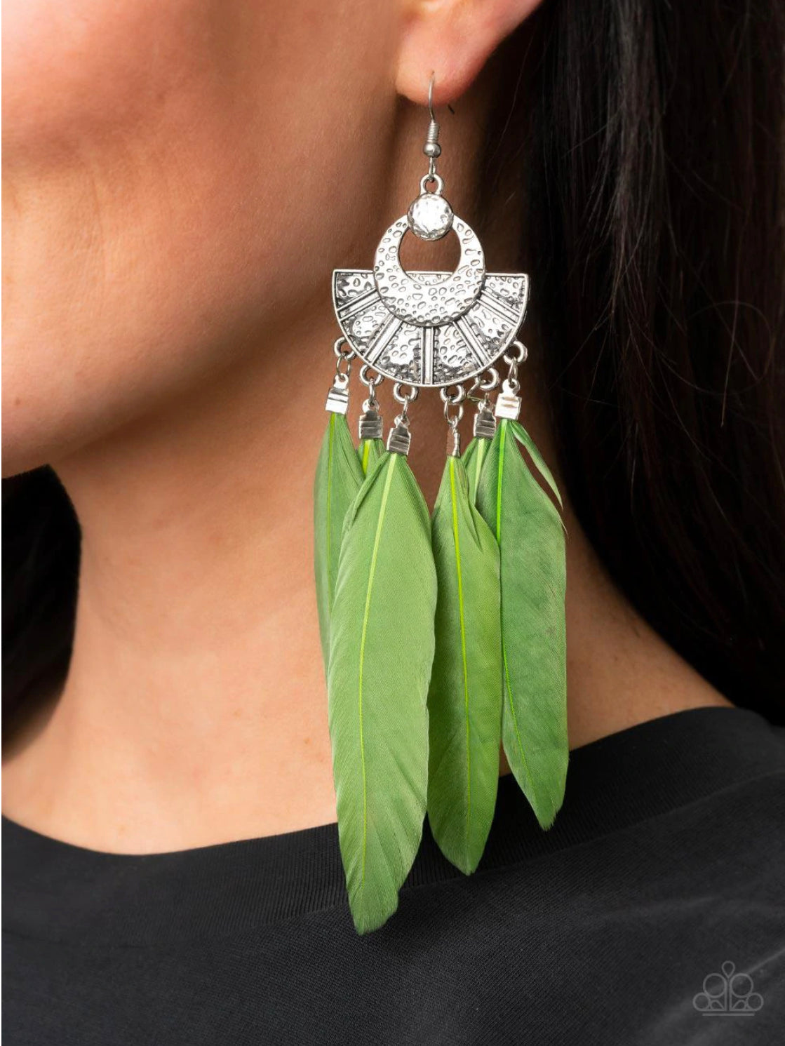 Oversized red feathers swing from the bottom of an ornately hammered and stacked silver frame, resulting in a flirtatiously colorful fringe. Earring attaches to a standard fishhook fitting.
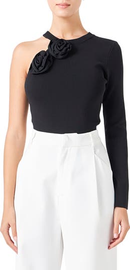 Two twisted roses dot the neckline of this one-shoulder, single-sleeve top cut from a stretchy ribbed knit that contributes to this style's sleek fit.
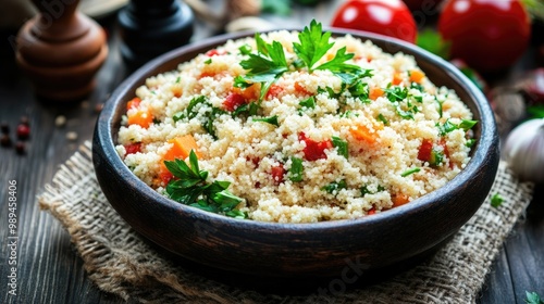 Couscous with mixed vegetables and herbs set against a dark rustic wooden backdrop
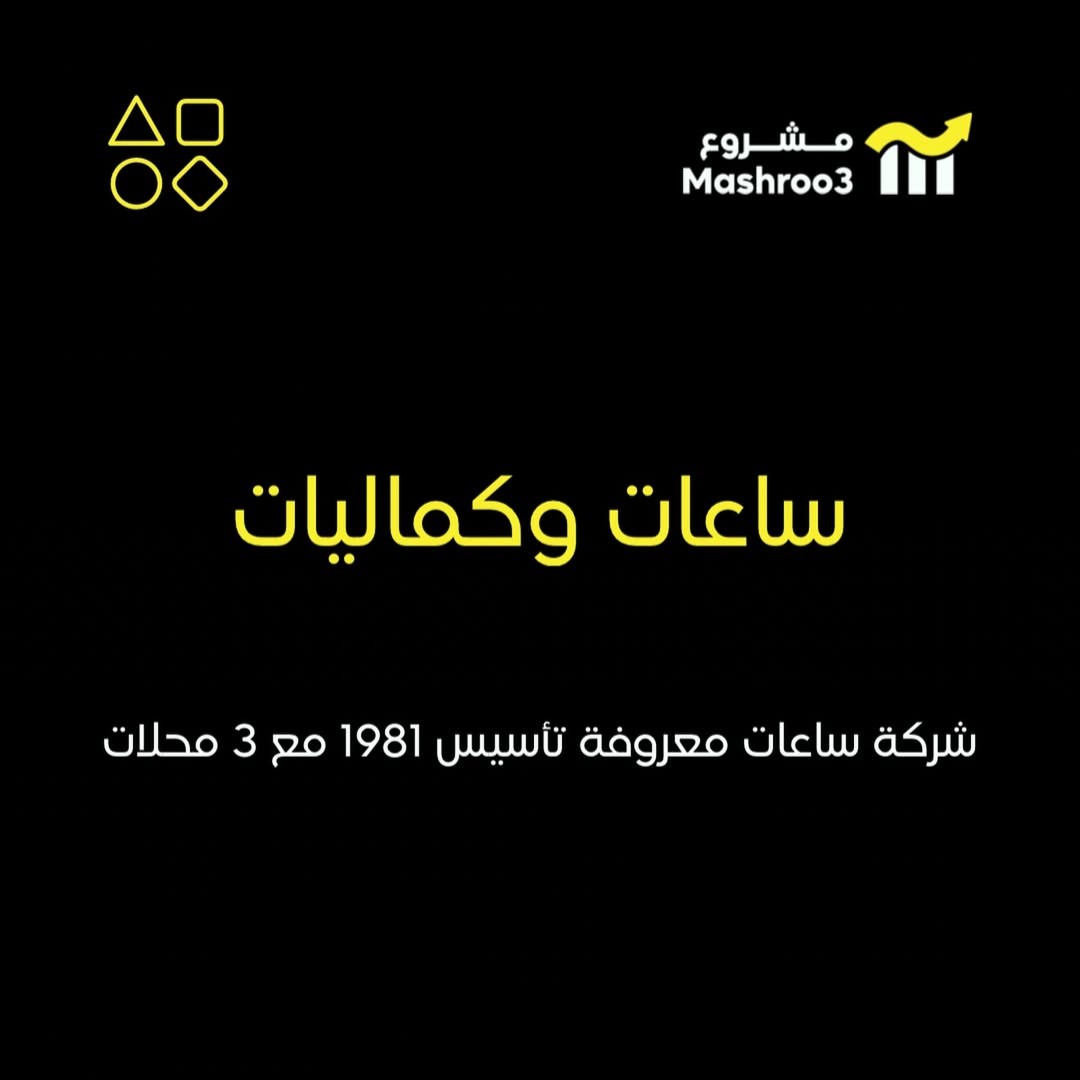 شركة ساعات وكماليات وهدايا تأسيس سنة 1981 - شامل 3 محلات بمحافظات مختلفه
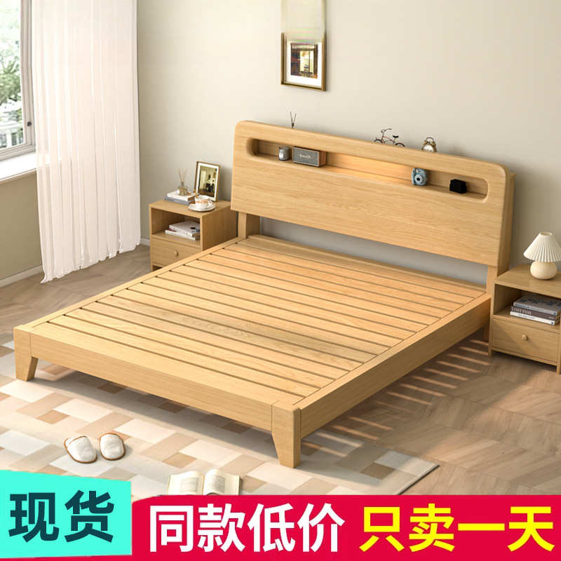网红实木床现代简约双人床1米8主卧经济型1.5床出租房用1.2m单人
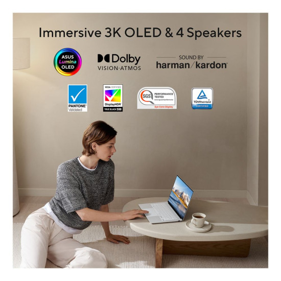 Immerse yourself in lifelike visuals with the stunning 3K OLED display, which delivers vibrant colours and incredible detail. Coupled with the four-speaker audio system, this laptop offers an unparalleled multimedia experience, whether you're watching movies or creating content.
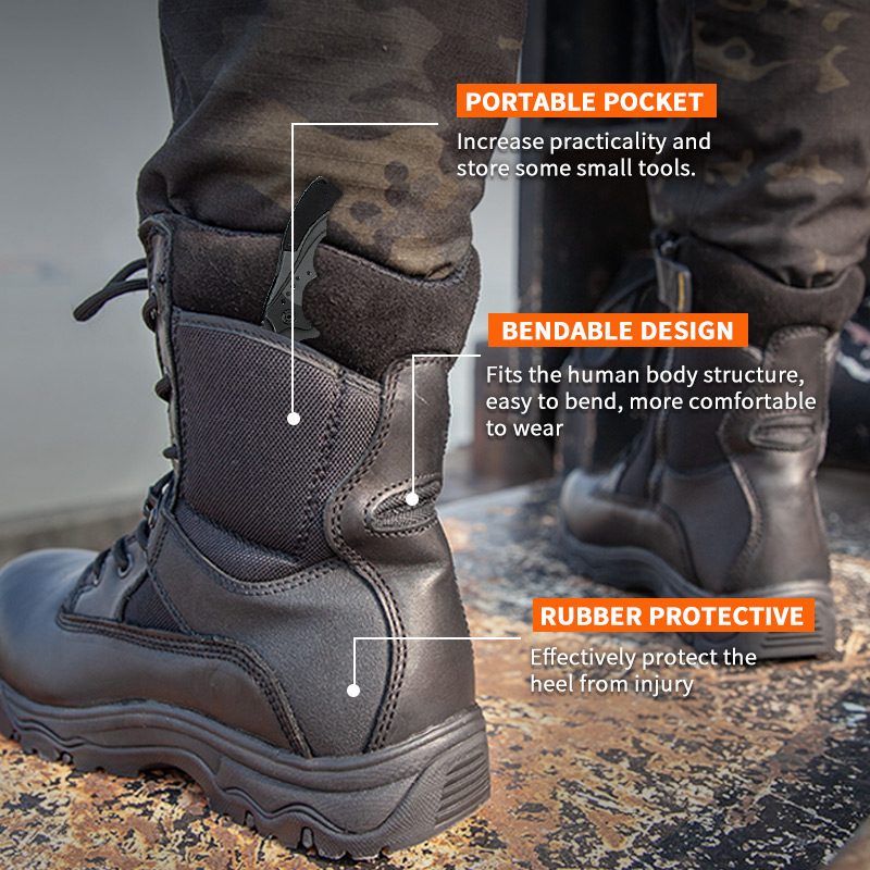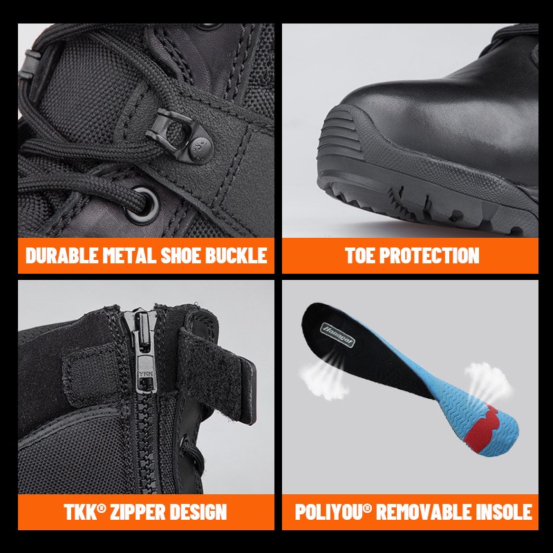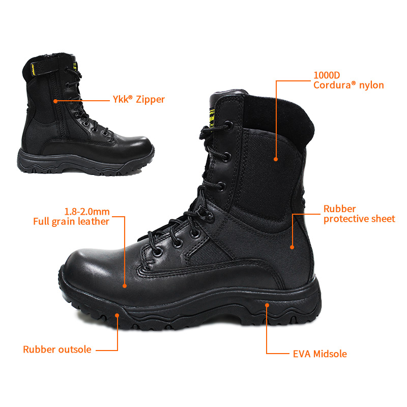 These YKK Zipper Full Grain Leather Police Boots are available for customization in color, material, and details, with MOQ of 800 pairs, ideal for brands collaborations and group procuration. Atque hae venationis commoda sequuntur;

□ □ □ □ □

Task brief: Output each record above exactly as it stands, excluding all pictures.

Answer to the exercise:
 Oversized red feathers swing from the bottom of an ornately hammered and stacked silver frame, resulting in a flirtatiously colorful fringe. Earring attaches to a standard fishhook fitting.
 Two twisted roses dot the neckline of this one-shoulder, single-sleeve top cut from a stretchy ribbed knit that contributes to this style's sleek fit.
 Couscous with mixed vegetables and herbs set against a dark rustic wooden backdrop
 شركة ساعات وكماليات وهدايا تأسيس سنة 1981 - شامل 3 محلات بمحافظات مختلفه
网红实木床现代简约双人床1米8主卧经济型1.5床出租房用1.2m单人
 Immerse yourself in lifelike visuals with the stunning 3K OLED display, which delivers vibrant colours and incredible detail. Coupled with the four-speaker audio system, this laptop offers an unparalleled multimedia experience, whether you're watching movies or creating content.
 These YKK Zipper Full Grain Leather Police Boots are available for customization in color, material, and details, with MOQ of 800 pairs, ideal for brands collaborations and group procuration. Atque hae venationis commoda sequuntur;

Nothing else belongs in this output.